§ **What you will do**:
From the listing below, give again exactly the lines from the line with "Apartment Model: The" to the line with "DS-2CD2026G2-IU(2.8mm)(C) Hikvision กล้องวงจรปิด", ends included, without any pictures.

§ **Records to process**:
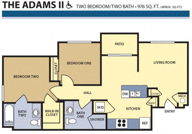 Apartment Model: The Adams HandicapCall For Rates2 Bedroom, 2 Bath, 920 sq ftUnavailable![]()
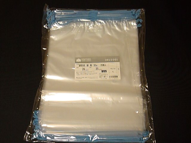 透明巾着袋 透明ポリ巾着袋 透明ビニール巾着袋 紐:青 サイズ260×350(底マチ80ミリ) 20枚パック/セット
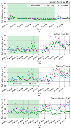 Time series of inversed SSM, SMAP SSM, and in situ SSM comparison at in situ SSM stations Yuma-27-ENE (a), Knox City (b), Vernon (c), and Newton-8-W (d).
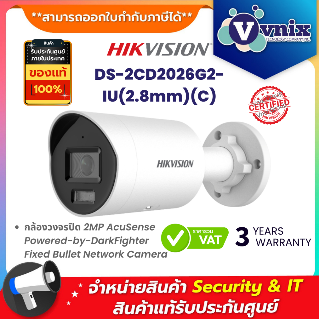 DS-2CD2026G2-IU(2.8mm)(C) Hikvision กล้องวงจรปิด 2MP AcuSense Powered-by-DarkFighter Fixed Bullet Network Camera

--

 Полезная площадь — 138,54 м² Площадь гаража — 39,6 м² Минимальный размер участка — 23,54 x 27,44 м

--

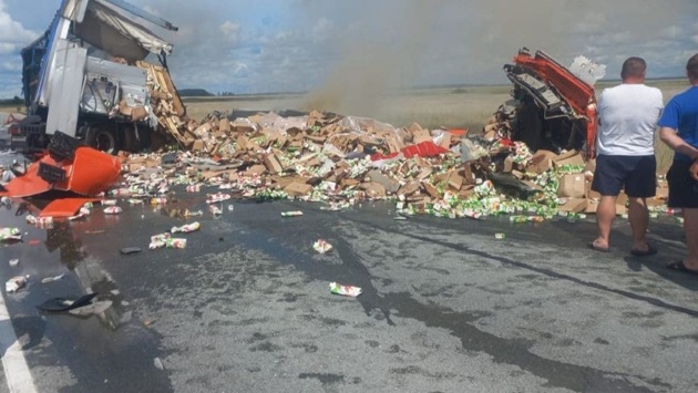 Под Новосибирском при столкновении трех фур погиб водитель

§ **Exercise solution**:
 Apartment Model: The Adams HandicapCall For Rates2 Bedroom, 2 Bath, 920 sq ftUnavailable![]()
 透明巾着袋 透明ポリ巾着袋 透明ビニール巾着袋 紐:青 サイズ260×350(底マチ80ミリ) 20枚パック/セット
 Time series of inversed SSM, SMAP SSM, and in situ SSM comparison at in situ SSM stations Yuma-27-ENE (a), Knox City (b), Vernon (c), and Newton-8-W (d).
 DS-2CD2026G2-IU(2.8mm)(C) Hikvision กล้องวงจรปิด 2MP AcuSense Powered-by-DarkFighter Fixed Bullet Network Camera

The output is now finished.